Substitution Elements¶
The Translation column of a translation rule must contain one or more of the following substitution elements:
Substitution | Meaning |
---|---|
{class} |
The value of the Natural_Order_EN_Class column of the Nomenclature row. Used when the Nomenclature class should be included as-is in the resulting Common Vocabulary term. |
{sub_class} |
The value of the Natural_Order_EN_Sub_Class column of the Nomenclature row. Used when the Nomenclature sub class should be included as-is in the resulting Common Vocabulary term. |
{tail} |
The tail of the Nomenclature term. Used for most rules. |
{leaf} |
The leaf of the Nomenclature term. Used instead of {tail} only when the tail value contains more levels of information than are necessary for the resulting Common Vocabulary term. |
The {tail}
and {leaf}
elements are mutually exclusive and so only one or the other should be used. These two terms
are only ever used at the end of the translation text.

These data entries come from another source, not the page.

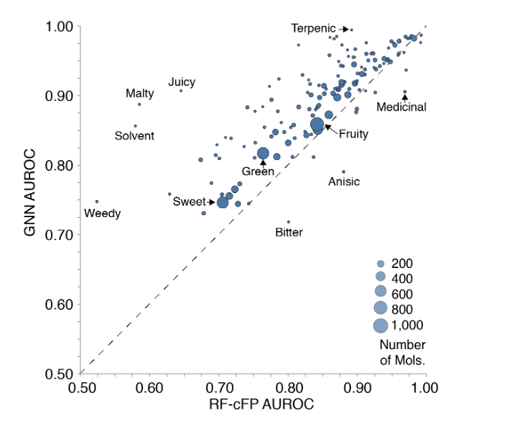 图4:RF-cFP和GNN的比较,按气味描述符分解。每个点代表一个气味描述符,大小代表正面例子的数量。GNN在几乎所有气味描述符上都优于RF-cFP。
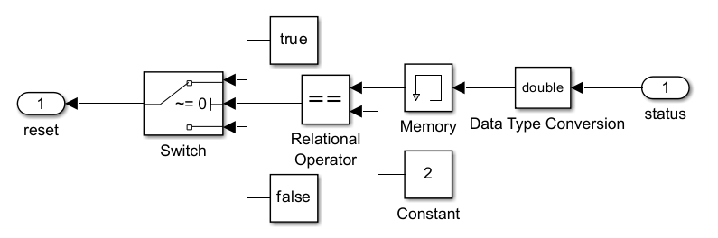 The Detect Drift block resets the drift detector when the status is 2, which means drift is detected by the Reset Logic subsystem. The sample reset logic provided with the example accepts the status signal as input. This signal is converted to a double, and the memory block delays the signal by one time-step. The Relational Operator block equates the status signal to 2. If the status is 2, the Switch block outputs a true signal (1). You can modify the reset logic to suit the needs of your application.
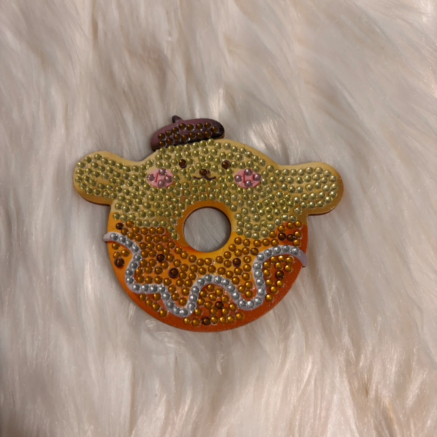 This is a cute wooden donut coaster. It's decorated with rhinestones and has a little beret on top.
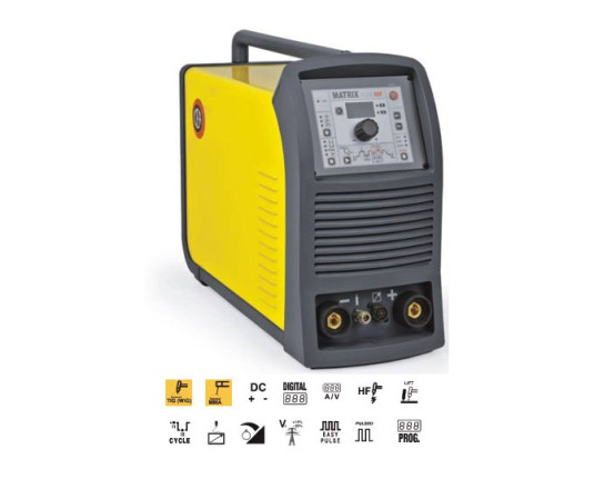 Na osnovi najsodobnejše IGBT tehnologije je MATRIX 420 HF z visoko frekvenčnim vžigom obloka zelo vzdržljiv in varčen aparat. Z inovativno digitalno ploščo zagotavlja popoln nadzor nad varilnimi parametri. Standardno je opremljen s pulznim načinom varjenja z razpoložljivo možnostjo lahkega ali super hitrega pulznega načina, kar omogoča boljši nadzor loka in manjšo deformacijo materiala. Ponuja tudi funkcijo „CYCLE“, ki omogoča s preprostim pritiskom na sprožilec nenehno preklapljanje med dvema predhodno izbranima vrednostima toka. Ta funkcija je najprimernejša za varjenje profilov različnih debelin, ki zahtevajo stalno spreminjanje toka.
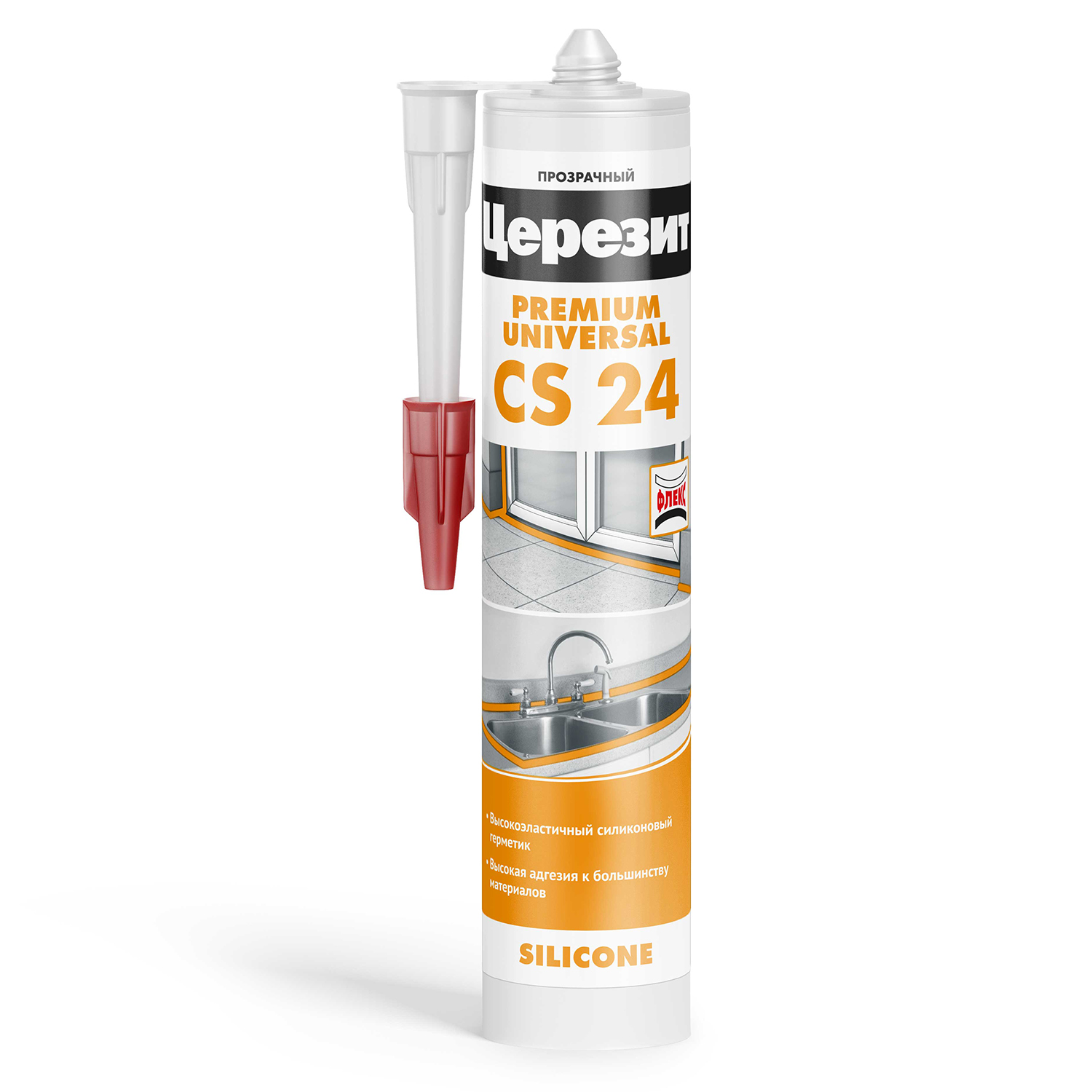 Универсальный силиконовый герметик CS 24 кислотного отверждения. Предназначен для использования без предварительной грунтовки внутри и снаружи зданий: для герметизации оконных и дверных блоков, стеклопакетов, швов стенных панелей и сборных ограждающих конструкций из бетона, металла и стекла, швов и примыканий в облицовочных покрытиях в ванных комнатах, душевых; выполнения деформационных швов в бассейна, резервуарах, системах теплоизоляции фасадов, в т.ч. в соединениях с относительно высокой подвижностью; в санитарных и других конструкциях, где требуется стойкость к плесени.

Examples of rules in the Translation column:
Transportation|{sub_class}|{tail}
Object|Tools & Equipment|{class}|{tail}
Object|Armaments|{leaf}
Translation Process¶
The CVT processes one Nomenclature row at a time. When the CVT finds a matching rule for a row, it applies the rule to the row as follows:
- Perform the substitutions listed in the table above
- Make any replacements specified in the Replace column
- Emit the resulting string as the Common Vocabulary term
Translation software¶
The CVT is implemented as a Python program that was developed by George Soules of AvantLogic Corporation. The source code and data files are available as open source in the AvantCommonVocabulary repository on GitHub.
Usage¶
>>> build_common_vocabulary.py
Input Files¶
The program reads these files from the /data
folder located in the Python script's folder.

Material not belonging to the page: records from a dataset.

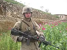 L'opium est ainsi lié à la guerre d'Afghanistan. En 2008, Rahim Wardak, le ministre afghan de la Défense, a demandé à l'OTAN de l'assister, sur demande au cas par cas des autorités afghanes, dans les opérations contre les trafiquants de drogue, qui prennent ainsi une tournure militaro-policière[15]. Plusieurs Afghans ont été jugés et condamnés aux États-Unis, dont Bashir Noorzai (en) et Baz Mohammed, les deux en 2005[16]. La Drug Enforcement Administration participe ainsi aux opérations sur le terrain, avec au , 96 agents dans le pays qui ont rejoint leurs homologues afghans et les forces de l'OTAN dans plus de 80 opérations combinées l'an dernier et déclarant que les saisies d'opium en Afghanistan ont grimpé de 924 % entre 2008 et 2009[17], telles une en où plus de 50 tonnes d'opium et 1,8 tonne d'héroïne ont été détruites et 17 talibans tués[18].
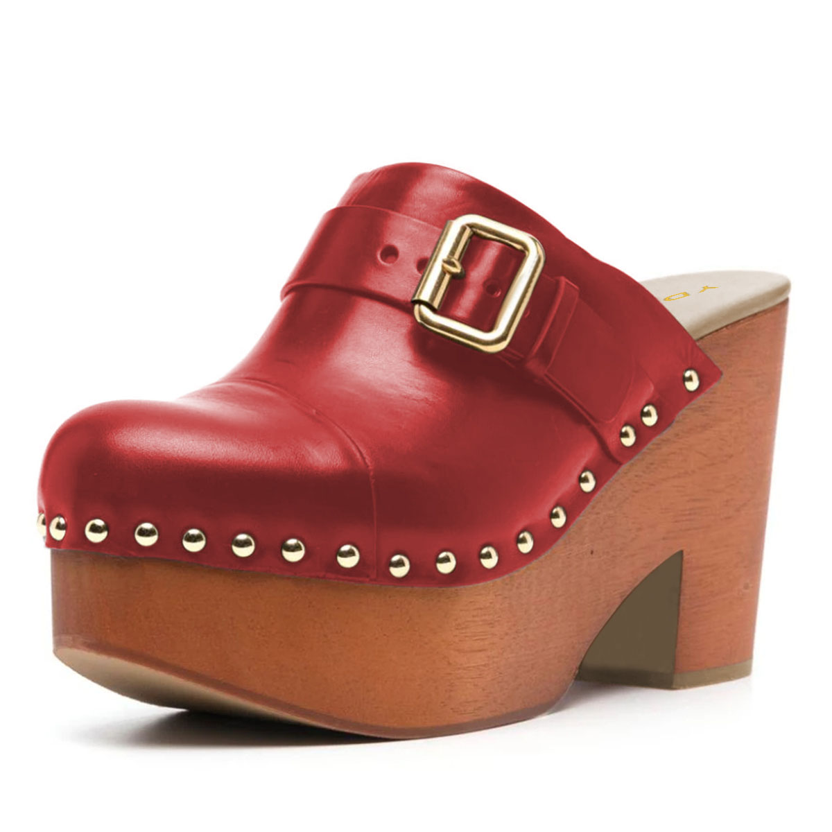 Red Pull-On Studs Buckle Strap Block Heel Platform Mules for Women
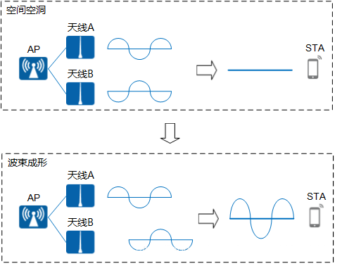 将能量集中在欲传输的方向,增强信号质量,提高信噪比,并减少对其他用户的干扰,有效提高覆盖范围。对改善AP边缘用户的吞吐量特别有效。
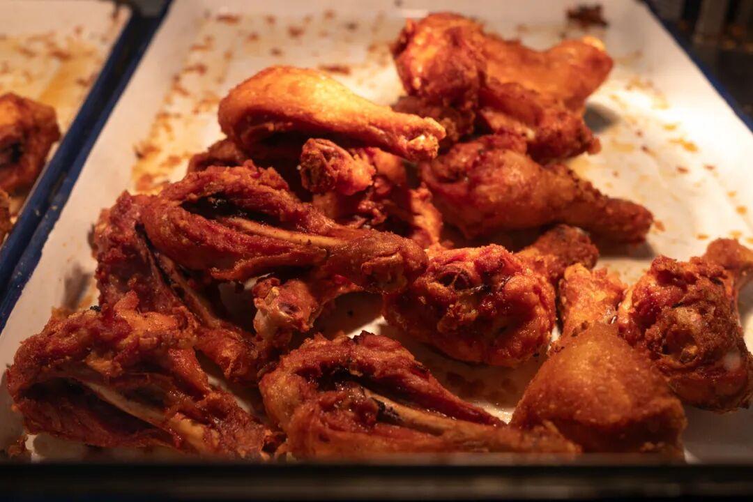 炸雞可以半隻、整隻稱斤賣,也可以單買雞腿、雞翅。

input-nomenclature-sortEn_2020-05-18.csv
input-translations.csv
input-additional-terms.csv
input-previous-digital-archive-vocabulary.csv
Outputs Files¶
The program creates these files in the /data
folder located in the Python script's folder.
It also uploads the files to digitalarchive.us/vocabulary
digital-archive-vocabulary.csv
digital-archive-diff.csv
Notes¶
-
The
digital-archive-diff.csv
will contain update instructions if the CVT found differences betweeninput-previous-digital-archive-vocabulary
and the newly createddigital-archive-diff.csv
. Learn how to apply the updates to Digital Archive sites. -
If
input-previous-digital-archive-vocabulary
does not exist as an input file:digital-archive-diff.csv
will be empty because there can be no differences without a previous vocabulary to compare to.- The CVT will create a new copy of
input-previous-digital-archive-vocabulary.csv
(the dashed line in the CVT diagram above) by copying the newly generated
digital-archive-vocabulary.csv
file.
Nomenclature data¶
To get the latest version of Nomenclature 4.0:
- Download it as an Excel file
from
https://www.nomenclature.info/api/download/dataset/nom/nomenclature-sortEn.xlsx
- Open the
.xlsx
file and save it as a CSV file - If Excel displays a
We found a problem
error, clickYES
to recover the file - Save the file as
CSV UTF-8
- Delete the
.xlsx
file since it's no longer needed
To compare old and new versions of Nomenclature using the Beyond Compare program,
do a text compare, not a table compare.